7. A coating powder according to Claim 1 wherein the curing agent is diaminodiphenyl sulfone or bis (diaminophenyl) sulfone.

8. A coating powder according to Claim 1 wherein the filler is a mineral filler having a particle size less than 10 microns.

9. A coating powder according to Claim 1 in which the filler is present in an amount exceeding 100 parts by weight per hundred parts resin.

10. A coating powder according to Claim 1 in which the filler is present in an amount of at least 200 parts by weight per hundred parts resin.

11. A coating powder according to Claim 1 wherein the catalyst is a boron trichloride amine complex.

12. A coating powder according to Claim 1 wherein the gel time of the powders is between 10 seconds and 300 seconds when measured at 205°C.

13. A coating powder according to Claim 1 wherein the inclined plate flow of the powders is between 15 mm and 100 mm when measured at 150°C.
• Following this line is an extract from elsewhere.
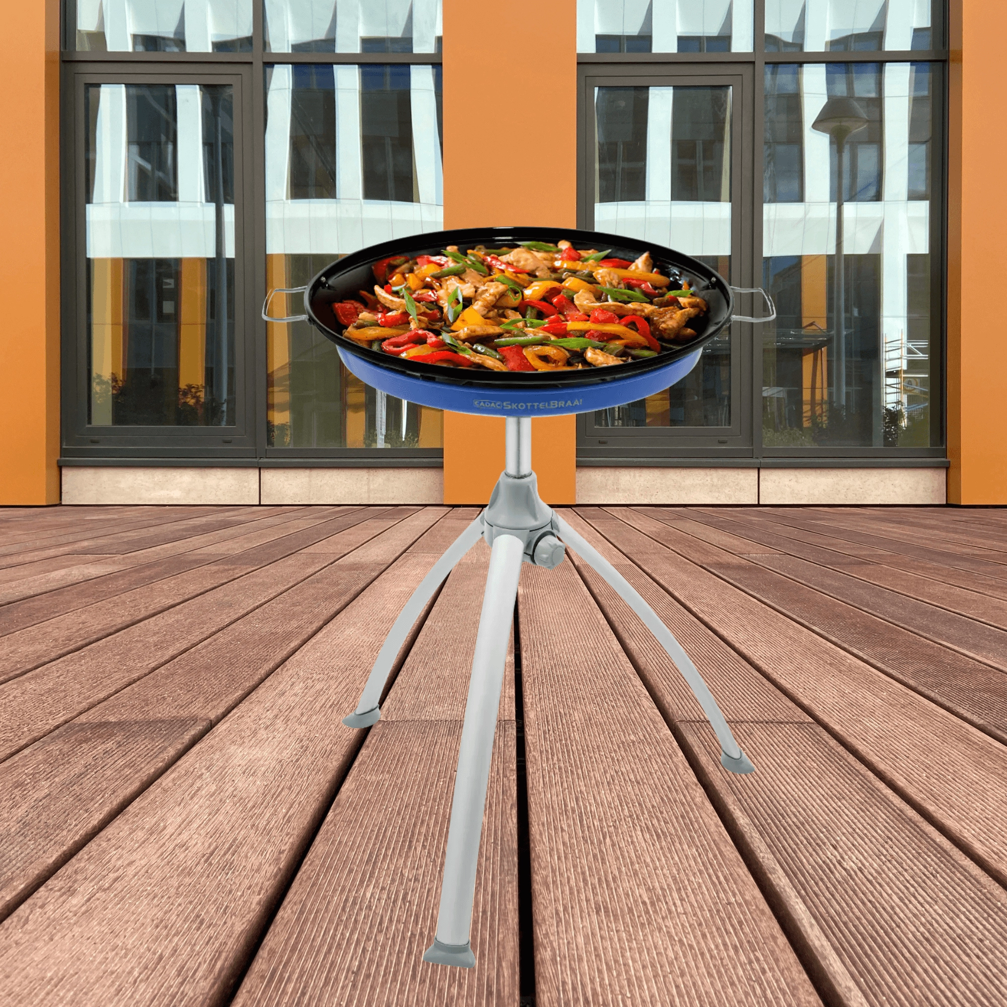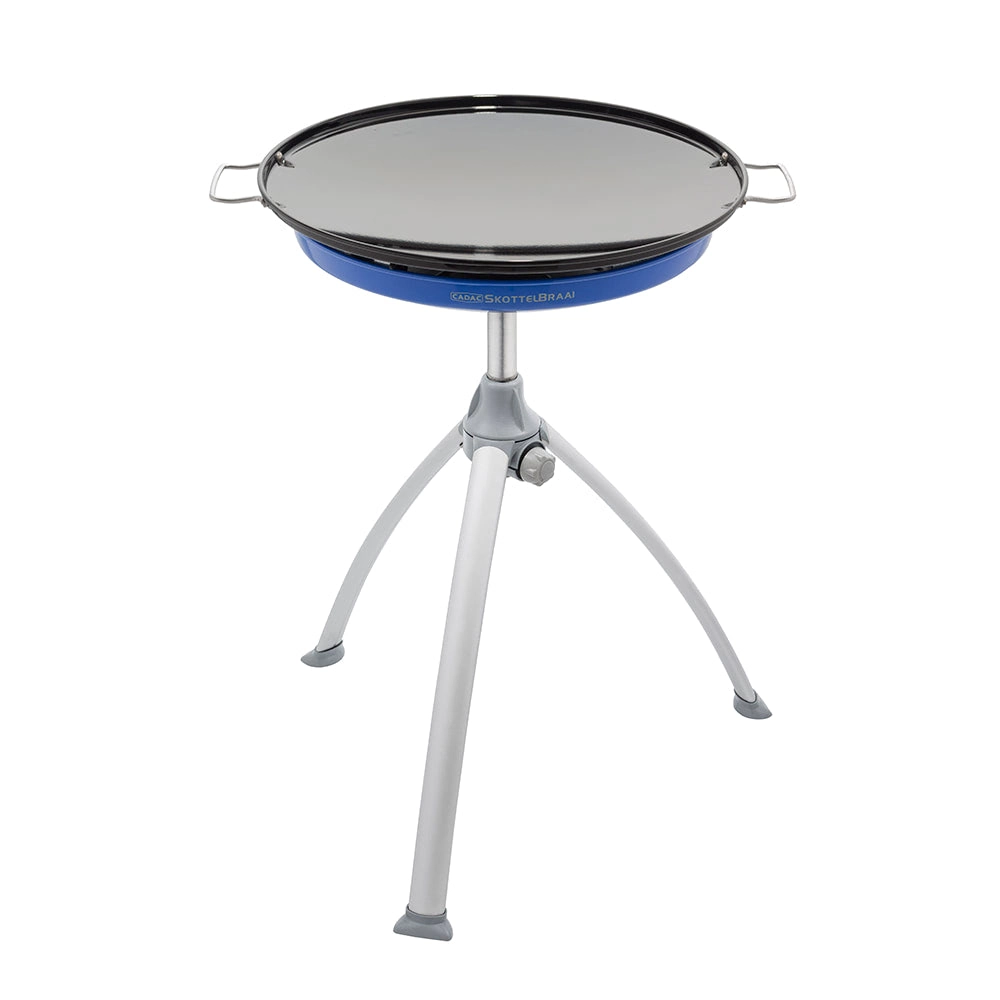 Den alsidige og bærbare gasgrill CADAC Skottel Braai med en diameter på 48 cm er ideel til camping, have og udflugter. Den tilbyder stor stegeflade, stabil trefod, lav vægt under 6 kg og to udskiftelige plader – glat/riflet plade samt grydeholder. Med en effekt på 3 kW og jævn varmefordeling tilbereder du let morgenmad, paella, asiatiske retter og saftige bøffer.

14. A coating powder according to Claim 1 additionally including up to 5 weight percent of a hydrophobic silicon aerogel.

15. A metal pipe which is protected from attack in corrosive environments characterized in that the pipe is coated with the coating powders of Claim 1.

16. A method of protecting metal pipe from corrosion which comprises coating the pipe in a fusion coating process using the coating powders of Claim 1.